Das Tutorial als Aktion, dann
hast du null Arbeit, nur zu den
Aktionen in Photoshop hinzufügen und
auf Play drücken.

solltest dir mal diese Seite genauer ansehen, unter aktions und Photoshop 6
findest du dieses Tutorial als Aktion


----------



## Scabbed_Chucky (5. Januar 2003)

danke, ich bin soweit gekommen dass es nun so aussieht wie auf dem bild unten. "Just add monochromatic noise set to around 7 to finish it off.

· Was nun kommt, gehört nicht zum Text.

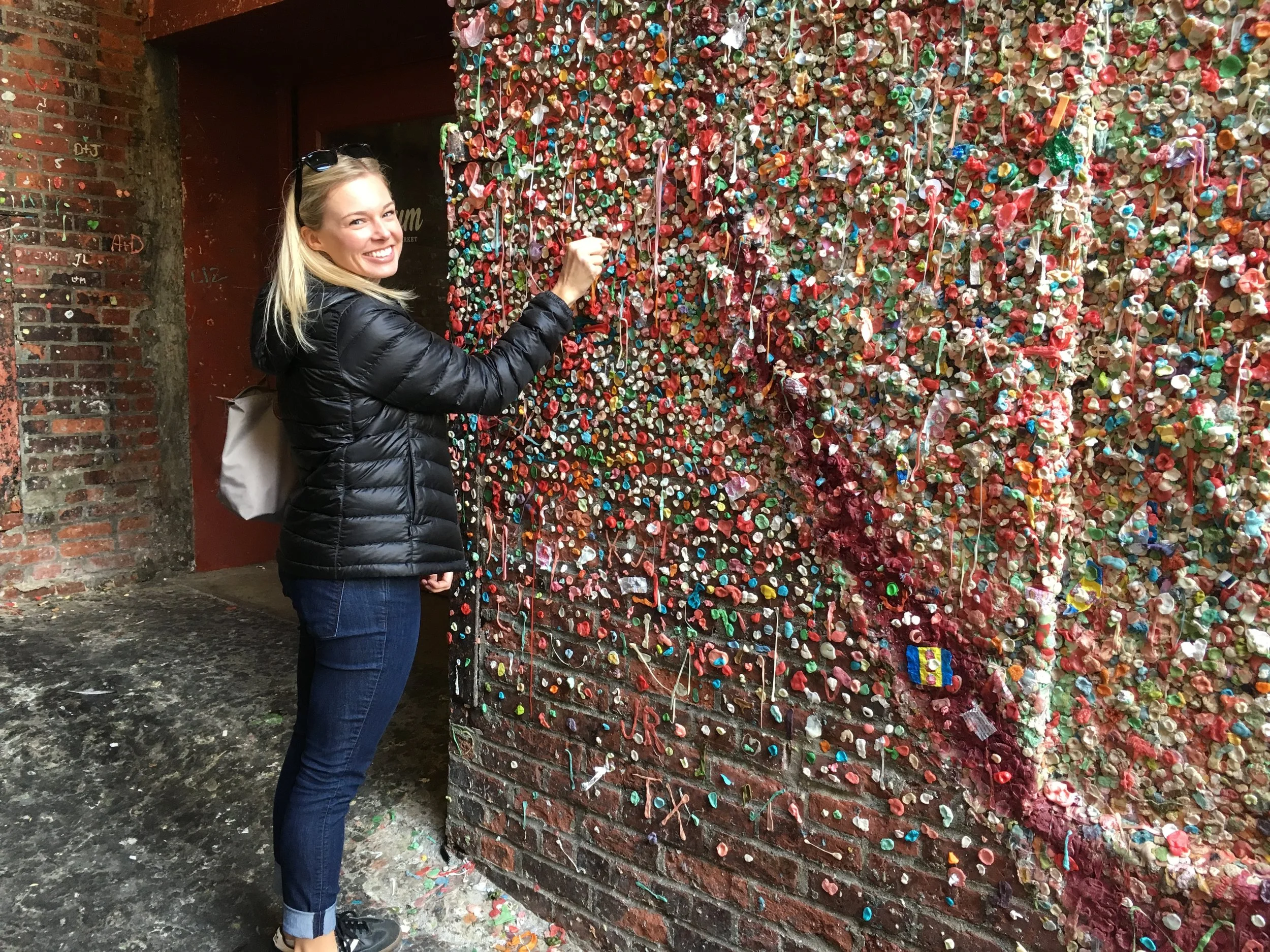We had another day to explore while our tour guides worked, and we had a packed agenda. Tommy chose to start his day to go on another run. I chose to wait for him to bring me back some coffee and a scone...it's all about balance. By the time we were out the door we were ready for lunch, and a Beecher's grilled cheese was calling our names. The line was long, the sandwich was worth it, and afterwards we made a swing by the gum wall to make our contribution.

I added some blood and lighting effects to the one below. The action for this is on my actions page." Kann mir jemand diesen Text übersetzen? Dann müsste ich eigentlich fertig sein. Danke schon mal für eure Hilfe


----------



## DarkAngel (5. Januar 2003)

es sagt , dass man noch den stoerungsfilter auf 7 draufhaun soll um es zu beenden. Danach sagt es das er noch licht und blut dazu gemacht hatt...


----------



## Scabbed_Chucky (5. Januar 2003)

danke euch allen


----------



## AnonymerSurfer (5. Januar 2003)

> mein armes mausrad  ...nen link hätte es auch getan ...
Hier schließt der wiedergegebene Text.